There is something incredible about watching a creative person work. I was walking in downtown Madison, WI and passed a crowd of people. I was curious, so I stopped to see what everyone was interested in. There was a man spray painting on a canvas. The crowd was interested because he was creating something beautiful in front of them — an entire creative process happening from the start to finish in a matter of minutes. From the white canvas, suddenly a picture emerged and something that previously did not exist was now real.
Artists will often talk about the emotional attachment they feel to certain projects or pieces of artwork. The artist is represented in a unique way in each song, poem, or painting. Every work is a reflection of the creator in a special way.
The Book of Genesis begins the story of salvation with a creation poem. This poem explores God as a master artist, creating out of nothing. Where there once was chaos there is order, light and darkness, land and sea (Genesis 1:1-11). It speaks an incredible truth to us — all that God creates is a reflection of God. It points back to Him.
Look outside your window. Take note of the various aspects of nature you see. They reflect God in a powerful way. God made them and they reveal to us who God is. A beautiful sunset or the sky full of stars proclaim God’s beauty and infinity.
But in Genesis, something else happens. God creates the heavens and earth, but then He creates people. He creates a man and a woman and these two reflect God in a unique way. They are made in God’s very image and likeness (Genesis 1:26-27). If you spent time looking out a window at God’s creation, it is time to take that next step. Go to a mirror or grab your phone and turn on the front facing camera. Look at yourself. What is your reaction? What do you see?
You were made in the image of eternity.
You reveal something unique about God. When God formed you, He placed a special calling on your life and gave you gifts and talents that tell the world something about who God is (Jeremiah 1:5).
But too often we don’t see ourselves that way. We don’t see ourselves as something beautiful, as a divine masterpiece from the Master Artist. We find the flaws in the work. WE say that it isn’t good enough.
Can you imagine looking at Rembrandt or Michelangelo and discussing one of their masterpieces by pointing out all of the flaws you saw? Would you stand before that artist and his greatest work and say, “Well, you probably could’ve done better.”
People see the works of these great artists and stand in awe and wonder. They don’t talk about the flaws – sometimes they are so awestruck by the beauty of the creation that they can’t speak at all. What is so different about us?

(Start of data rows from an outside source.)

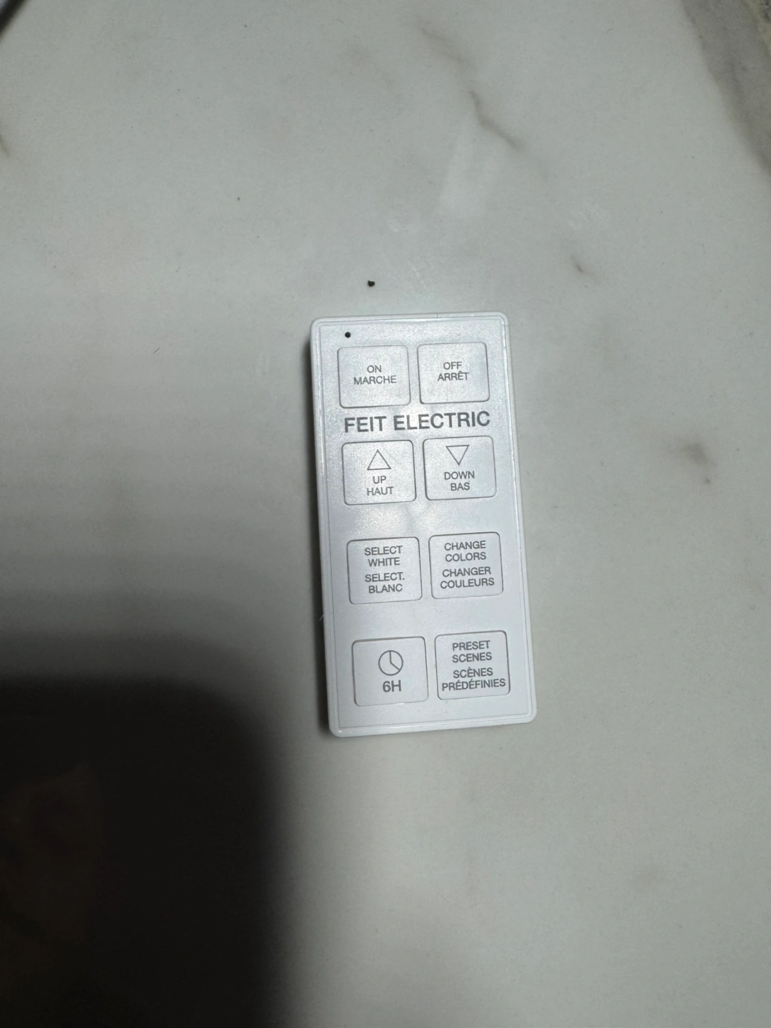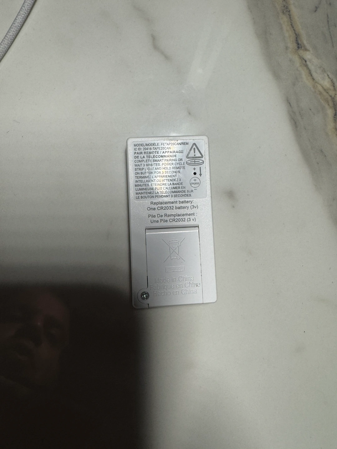Remote control for smart LED lights. Includes on/off, brightness, colour changing, and preset scene functions. Requires one CR2032 battery.
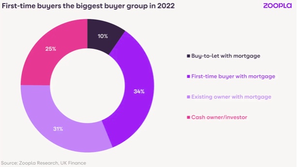 去年使用抵押贷款的首次购房者占销售的三分之一以上(34%)。这使他们成为最大的购房者群体,其次是使用抵押贷款的现有房主(31%)和现金购房者(25%)。
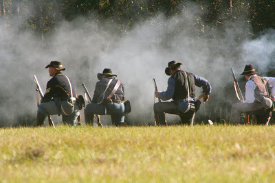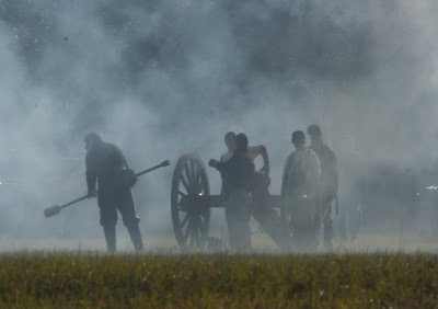 I know people who place reenactments--especially Civil War reenactments--somewhere on a sliding scale between weird and disturbing. But I find them an odd mixture of fun and profoundly thought provoking. For a writer of historical fiction, they can be fascinating. Did you know that artillery changed very little from the time of Sebastian St. Cyr to the Civil war? If you want to write about about canon fire and musket volleys, nothing beats actually hearing them.

When God looks at you He sees a masterwork. Our vision often gets distorted, though, because rather than seeing things with God’s eyes we see them with our own eyes or, worse, the eyes of the world in which we live. We apply modern standards of beauty, worth, and dignity to ourselves, and either deem ourselves acceptable or unacceptable.
The standards of the world change, but we aren’t created to fit those standards. We are created for more. We can only understand that “more” though, if we are entering into the heart of God. When we understand why we were made and for whom we were made, our reflection starts to make more sense. We stop seeing the flaws and start seeing the beauty.
We are made for communion with God. When God created you – this new, incredible thing – He created you for Himself. He didn’t make you like an artist makes a painting to sell. God wants your heart and so God created you with a sort of signature, leaving thumbprints on us the way a potter leaves his fingerprints on the clay. We find this divine “fingerprint” in a desire – a desire to worship.
We recognize that we are finite, limited beings. We also recognize that there is something more; we fell a sort of ache that tells us, “There must be more than this.” Since we were designed by God for communion with God, this ache is meant to drive us back into His arms. We were created to worship. This is the only proper way to express our relationship with the creator. We stand in awe of the God who made us and gave us the dignity to bear His image. Every ache and human longing can be traced back to this desire and need to worship something greater than we are. And when we enter into that worship, we find ourselves. We encounter God’s heart and give our heart. God wants all of us – He sees us as His own because that is what we are and He doesn’t want to split time or give us up.
He sees more in us than we sometimes see in ourselves.
This view that God takes of us takes on an attribute we may be uncomfortable with but is spoken about frequently in Sacred Scripture – God’s jealous heart. As we break that open in the coming days, we need to first being with our reflection in the mirror. God desires you so much and wants your worship that He becomes jealous. You evoke something deep within the heart of God. You are a masterwork. God believes that – do you?
Responding to God’s Heart: Where have you experienced an “ache” for something more in life?